## DATA SHOWN
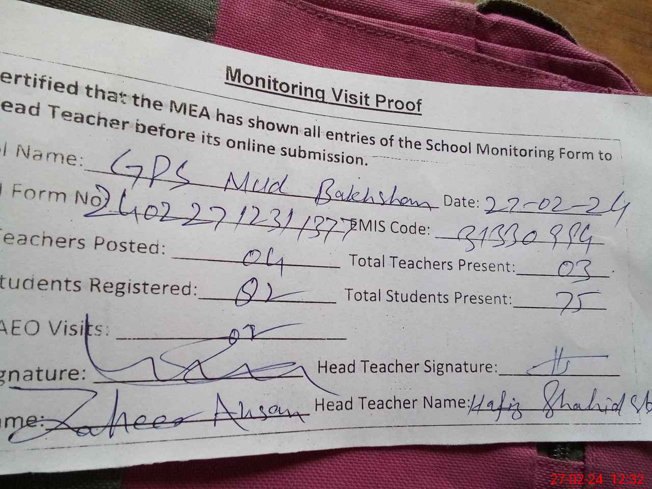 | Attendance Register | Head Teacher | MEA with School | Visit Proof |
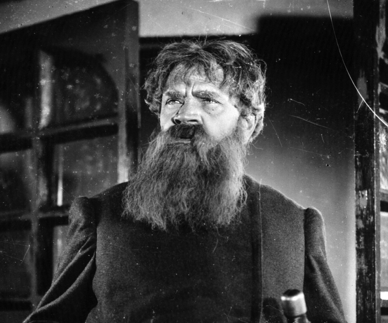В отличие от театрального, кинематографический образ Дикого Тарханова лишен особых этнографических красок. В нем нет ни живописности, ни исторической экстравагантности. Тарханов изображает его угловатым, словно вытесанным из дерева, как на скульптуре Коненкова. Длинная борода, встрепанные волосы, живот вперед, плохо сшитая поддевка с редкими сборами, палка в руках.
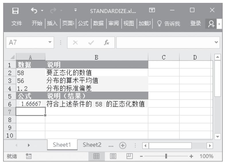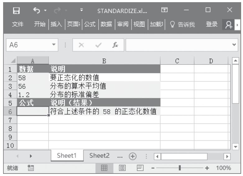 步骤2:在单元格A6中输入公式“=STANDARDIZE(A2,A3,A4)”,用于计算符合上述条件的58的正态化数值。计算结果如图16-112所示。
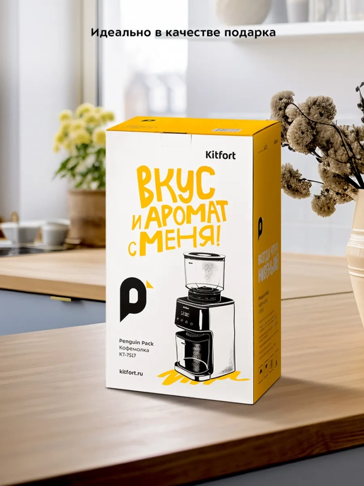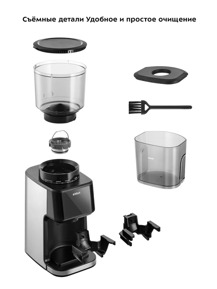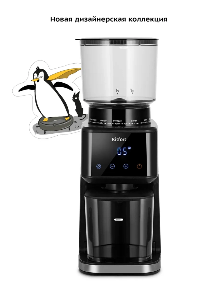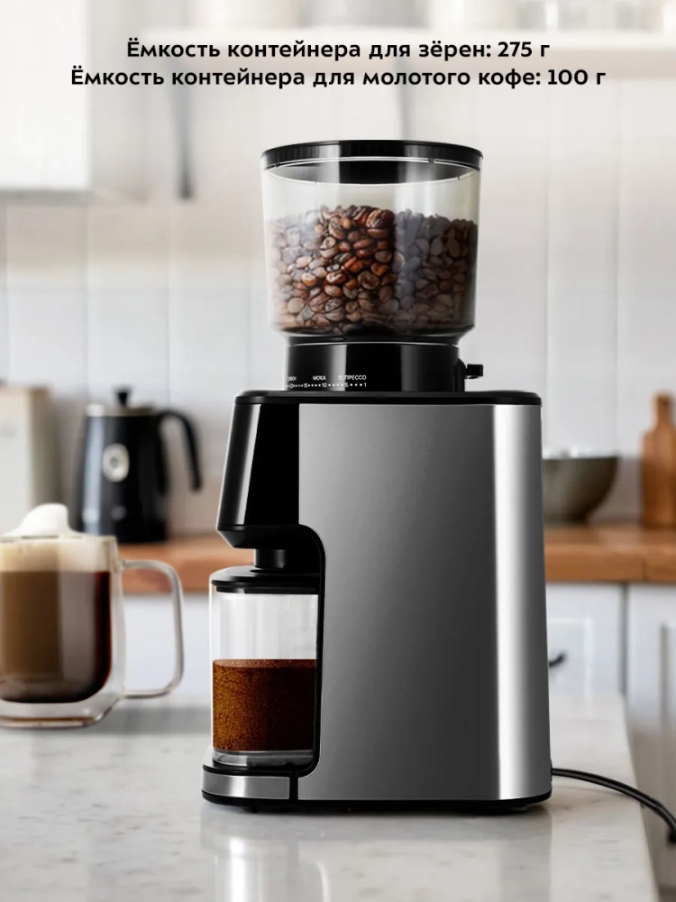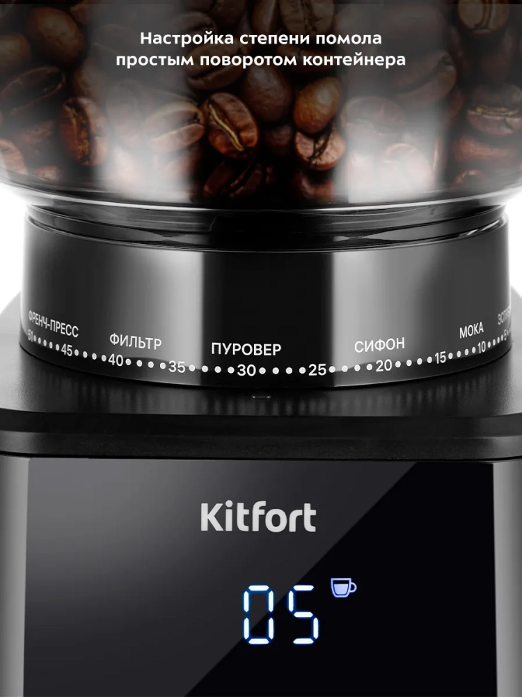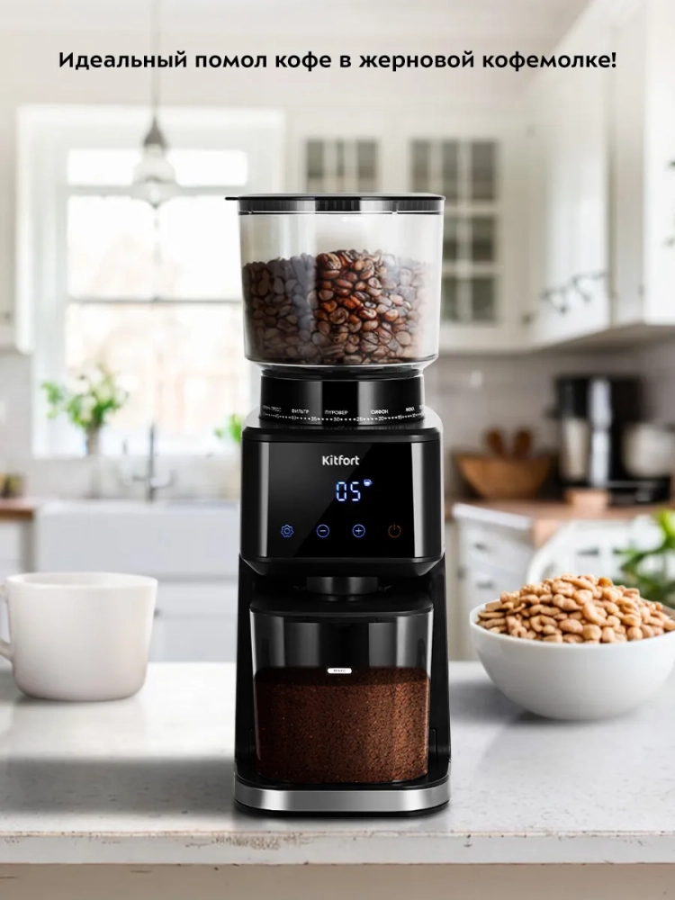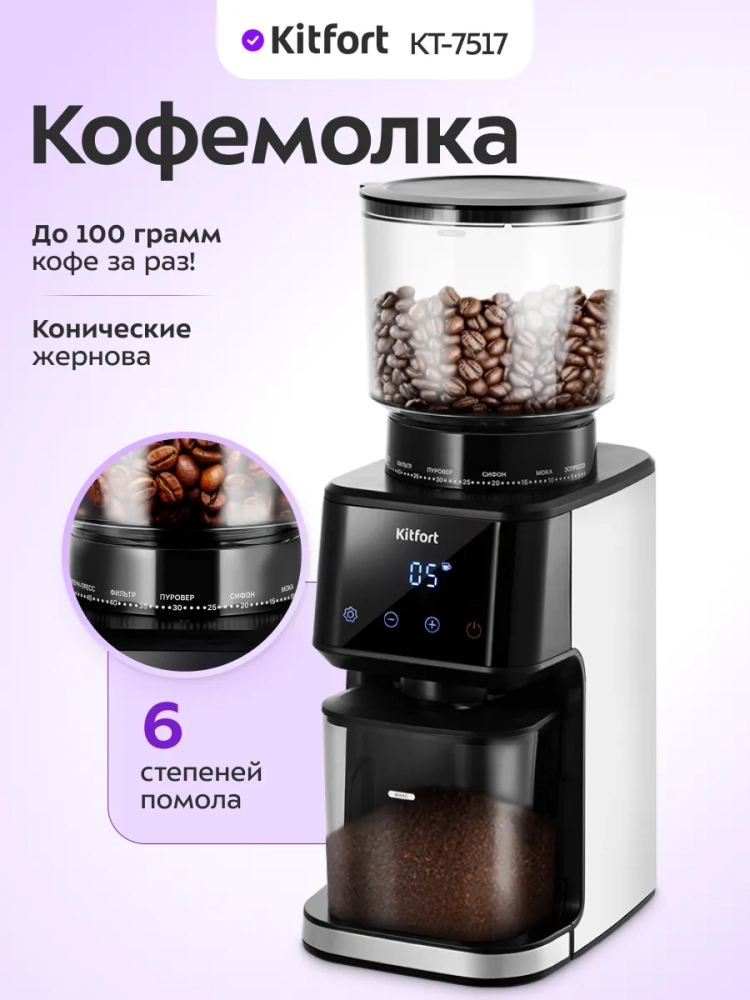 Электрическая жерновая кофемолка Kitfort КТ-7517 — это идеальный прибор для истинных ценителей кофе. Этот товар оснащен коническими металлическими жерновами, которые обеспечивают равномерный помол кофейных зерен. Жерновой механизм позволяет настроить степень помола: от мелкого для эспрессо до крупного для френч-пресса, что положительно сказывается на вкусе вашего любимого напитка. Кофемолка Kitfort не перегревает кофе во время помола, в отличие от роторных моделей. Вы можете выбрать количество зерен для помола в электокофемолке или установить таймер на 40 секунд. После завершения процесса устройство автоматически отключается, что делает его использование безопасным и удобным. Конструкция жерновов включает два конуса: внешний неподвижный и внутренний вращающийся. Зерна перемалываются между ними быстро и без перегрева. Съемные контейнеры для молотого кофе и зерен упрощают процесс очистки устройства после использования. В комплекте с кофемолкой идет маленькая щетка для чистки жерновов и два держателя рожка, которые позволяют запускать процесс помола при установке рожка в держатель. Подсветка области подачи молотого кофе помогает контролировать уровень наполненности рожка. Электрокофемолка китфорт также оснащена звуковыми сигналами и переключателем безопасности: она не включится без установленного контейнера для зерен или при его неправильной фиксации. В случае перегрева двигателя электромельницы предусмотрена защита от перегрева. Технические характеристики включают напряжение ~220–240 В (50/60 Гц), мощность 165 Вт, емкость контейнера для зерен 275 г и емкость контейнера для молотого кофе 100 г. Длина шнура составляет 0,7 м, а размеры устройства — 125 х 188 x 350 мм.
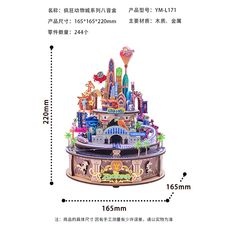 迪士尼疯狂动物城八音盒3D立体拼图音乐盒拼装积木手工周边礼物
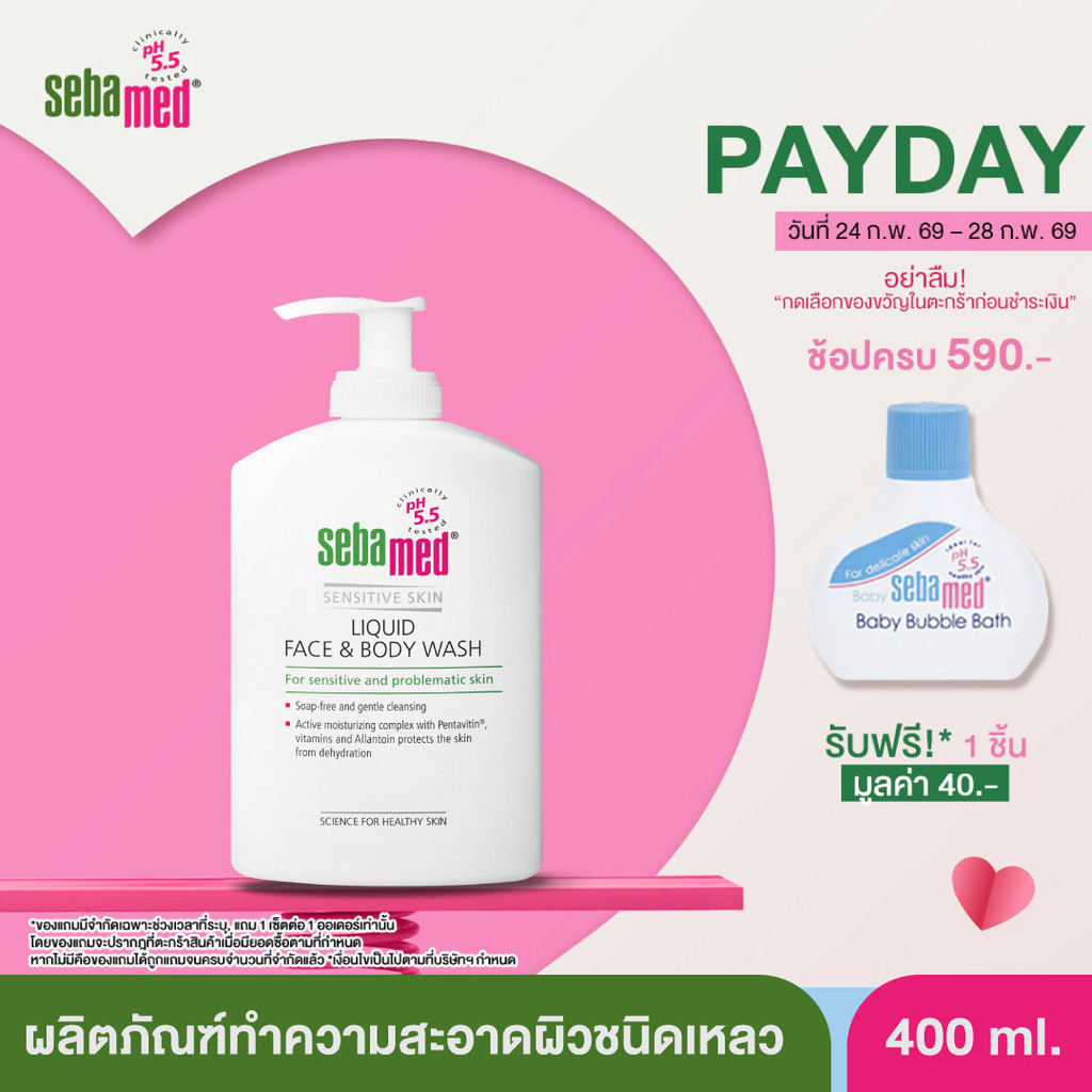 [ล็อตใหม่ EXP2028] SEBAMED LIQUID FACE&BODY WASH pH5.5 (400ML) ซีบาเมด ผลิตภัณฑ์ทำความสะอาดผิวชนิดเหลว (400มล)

## TASK TO CARRY OUT
Starting at the line above that holds "В отличие от театрального, кинематографический", return each line up to and including the one that holds "步骤2:在单元格A6中输入公", exactly as written, minus any pictures.

## RESPONSE TO THE TASK
В отличие от театрального, кинематографический образ Дикого Тарханова лишен особых этнографических красок. В нем нет ни живописности, ни исторической экстравагантности. Тарханов изображает его угловатым, словно вытесанным из дерева, как на скульптуре Коненкова. Длинная борода, встрепанные волосы, живот вперед, плохо сшитая поддевка с редкими сборами, палка в руках.
 步骤2:在单元格A6中输入公式“=STANDARDIZE(A2,A3,A4)”,用于计算符合上述条件的58的正态化数值。计算结果如图16-112所示。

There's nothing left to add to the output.